We go from bass reflex and fourth-order responses; instead we look at a second-order filter function. The knee point Q — the roll-off — is a Q of 0.707 or 1/√2. But for a fourth-order response it is not defined as a single Q value. Although on the Internet we sometimes see the Q equal 0.707 mentioned for a fourth-order system, it’s not really like that — don’t trust everything you read on the Internet.

If these filter functions were described before loudspeaker alignments were invented, who did the work related to loudspeakers? I believe that Thiele’s article series is the first time where we see this correlation.

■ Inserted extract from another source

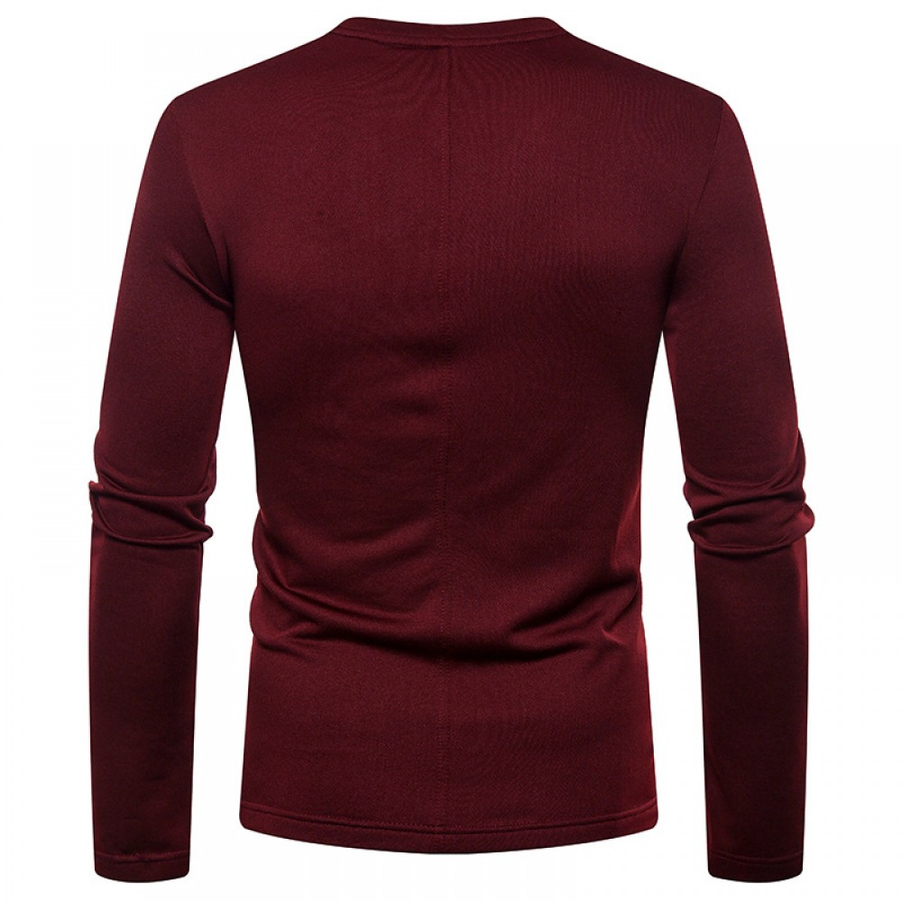 Men's Plus Size Plus Velvet Warm V-Neck Long-Sleeved T-Shirt Base Shirt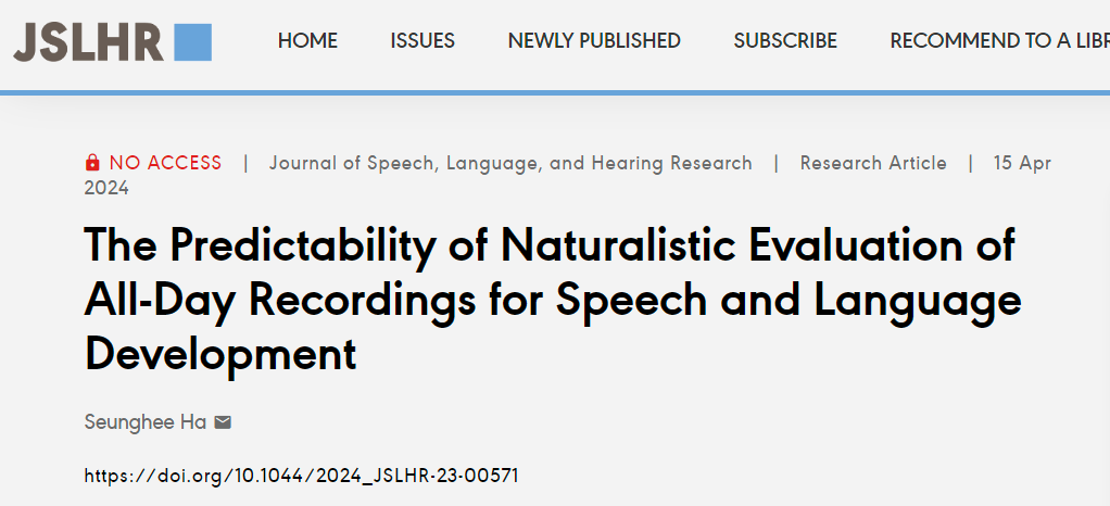 한림대는 하승희 교수의 ‘아동의 자연스런 언어 환경 평가를 통한 말-언어 발달의 예측 가능성’논문이 언어병리학 분야에서 높은 영향력을 가진 SSCI/SCI급 학술지 ‘Journal of Speech, Language, and Hearing Research’(JIF 2022=2.6, Q1) 4월 온라인판[Journal page]에 게재됐다고 18일 밝혔습니다.

Another one is called the Bessel filter function. The Bessel filter is named after Friedrich Wilhelm Bessel, a German mathematician and physicist born in 1784, who died in 1846. Although it was already known at the time, it wasn’t mentioned by Thiele, but Bessel laid out the math that described the filters with the fastest settling time. I’m sure he didn’t have any clue about the particular application to loudspeakers, but he did a lot of nice math back in his day.
 
From left to right are Paul W. Klipsch, J. Robert Ashley, A.N. Thiele, J.E. Benson, and Richard Small.
What is special about the Bessel filter is that, in the time domain, when we do a step response on a filter like that, it will overshoot a little bit to settle faster. So, we get the fastest settling time.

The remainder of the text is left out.